One of the major challenges for food and environmental analysts is the variety of sample matrices encountered and overcoming the subsequent analytical matrix effects. Typical matrix effects are variations in chromatographic retention times that occur when switching between different matrices, or due to column degradation, suppression and/or enhancement of the detected MS signal. CCS values are unaffected by sample matrix so in addition to retention time, precursor ion and fragment, they can be measured from very low intensity MS ions where only mono isotopic information is available.

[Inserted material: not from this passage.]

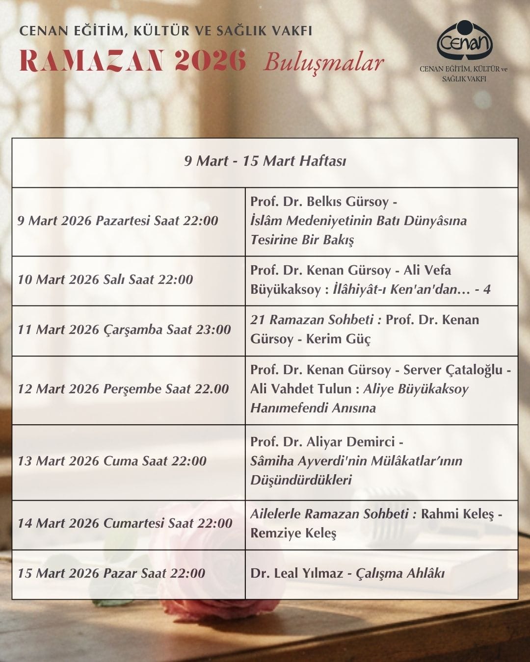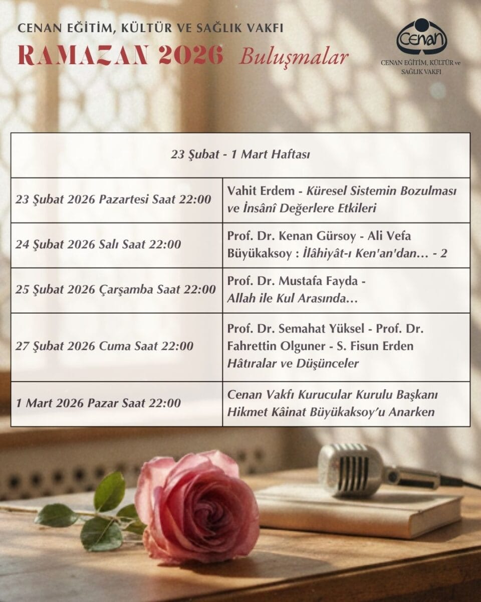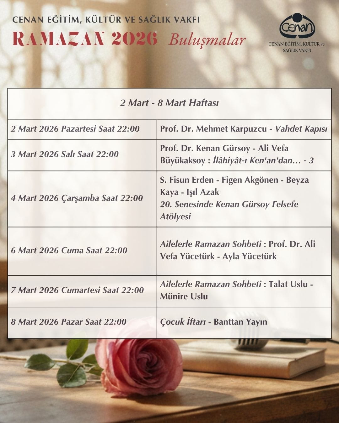 Cenan Eğitim, Kültür ve Sağlık Vakfı olarak Ramazan ayı boyunca devam edecek çevrimiçi konuşma, sohbet ve konser programları tertip etmiş bulunmaktayız. 19 Şubat Perşembe günü saat 18.00’den itibaren başlayacak olan programlarımız Cenan Vakfı YouTube kanalı üzerinden yayınlanacaktır. Siz değerli dostlarımızla sağlıkla bir arada olmayı diler, Ramazan ayının hayırlı ve bereketli olmasını niyaz ederiz.

Examples showing the use of CCS measurement can be found here:

• Collision Cross Section: A New Identification Point for a “Catch All” Non-Targeted Screening Approach
  
• Use of Ion Mobility Spectral Cleanup and Collision Cross Section Values to Increase Confidence and Efficiency in Pesticide Residues Screening Strategies
  
• Utility of the ACQUITY UPLC I-Class System and Ion Mobility in a Routine Workflow to Understand the Challenge of Analyzing Fluoroquinolone Antibiotic Residues
  
• Discovery of Pesticide Protomers Using Routine Ion Mobility Screening
  
• Profiling of Flavonoid Isomers in Highly Complex Citrus Juice Samples Using UPLC Ion Mobility Time of Flight Mass Spectrometry
  
• Determination and Characterization of Perfluoroalkyl and Polyfluoroalkyl Substances (PFAS’s) in Environmental Samples Using UPLC Ion Mobility MS

A collision cross section (CCS) value is a robust and precise physicochemical property of an ion which can be measured routinely using Waters Ion Mobility - Mass Spectrometry (IM-MS) systems. CCS values are reproducible and unaffected by sample matrix, making them invaluable in screening and profiling experiments in food and environmental laboratories.